Graveslab, Dungarvan, Co. Kilkenny
Co. Kilkenny |
Tombs & Memorials
Scattered across a graveyard in the Kilkenny townland of Dungarvan are a group of medieval stone slabs that carry no names, no dates, and no epitaphs.
What they do carry are incised crosses and, on some, carved human heads in relief, faces pressed into the stone above graves whose occupants have left no other trace.

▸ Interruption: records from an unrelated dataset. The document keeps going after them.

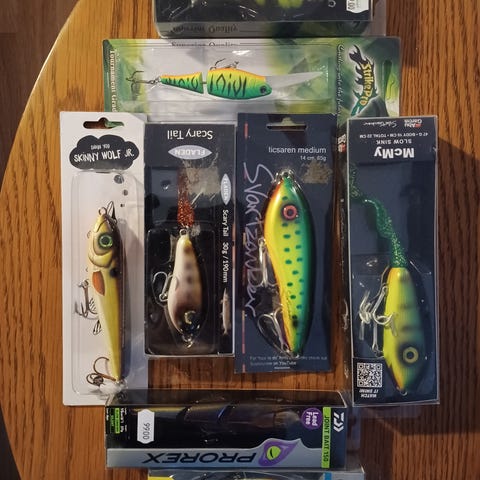 20 stk super gedde agn, de 6 første billeder, er af de håndlavede. super lækker kvalitet agn, af Nicklas mollerup. Kun samlet salg. Fast pris. 1000 kr. For alle 20 agn.
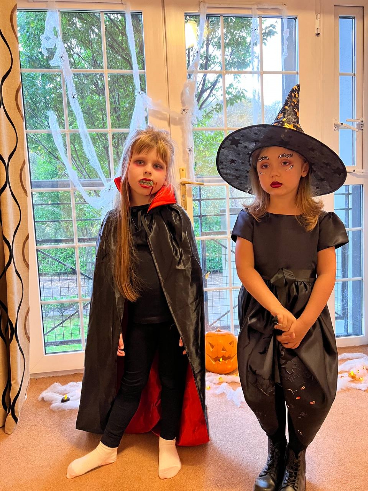 DRESS UP: Fedorchuk Mylana and Bidakh Mariia pictured dressing up for Hallowe'en for the very first time. Photo: Natalya Krasnenkova
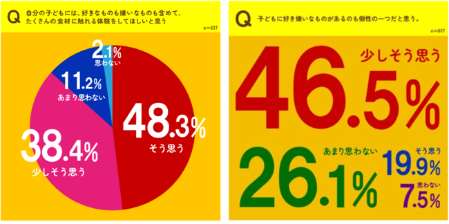66.4%が「子どもに好き嫌いなものがあるのも個性の一つだと思う」、 64.5%が「子どもの好き嫌いがもっと許容される文化(風潮)になってほしいと思う」
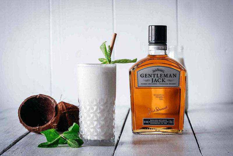 1. Jack Daniel's Gentleman Jack zusammen mit der Kokosmilch und dem Kokossirup in einen Mixer geben und gut durchmixen
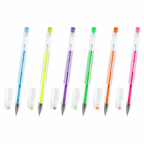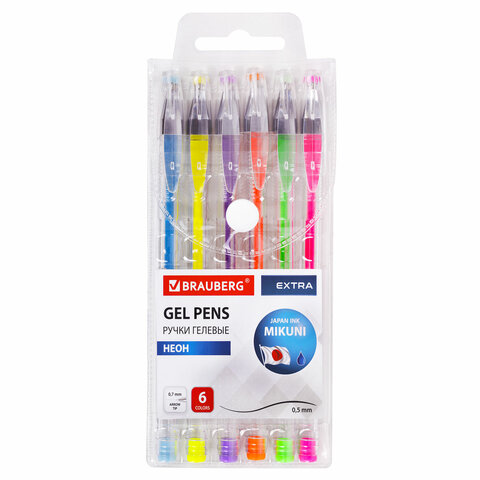 Ручки гелевые НЕОН BRAUBERG "EXTRA", НАБОР 6 ЦВЕТОВ, узел 0,7 мм, линия 0,5 мм, 143911

The slabs sit roughly ten to fifteen metres south-west of the porch of a ruined Church of Ireland church, itself built on the site of a medieval foundation. Writing in 1905, the historian William Carrigan counted about half a dozen of them, describing coffin-shaped stones, all uninscribed, all bearing incised crosses, with several showing those carved heads. Coffin-shaped grave slabs of this kind were common across medieval Ireland and Britain, typically cut to taper from the shoulder end toward the foot, and were used from roughly the twelfth century onward. The incised cross was the most standard form of decoration, a mark of Christian burial that needed no further explanation. The relief heads are the more unusual detail, a motif that occasionally appears on medieval Irish grave monuments but is far from routine, and whose precise significance, devotional, commemorative, or apotropaic, remains a matter of interpretation.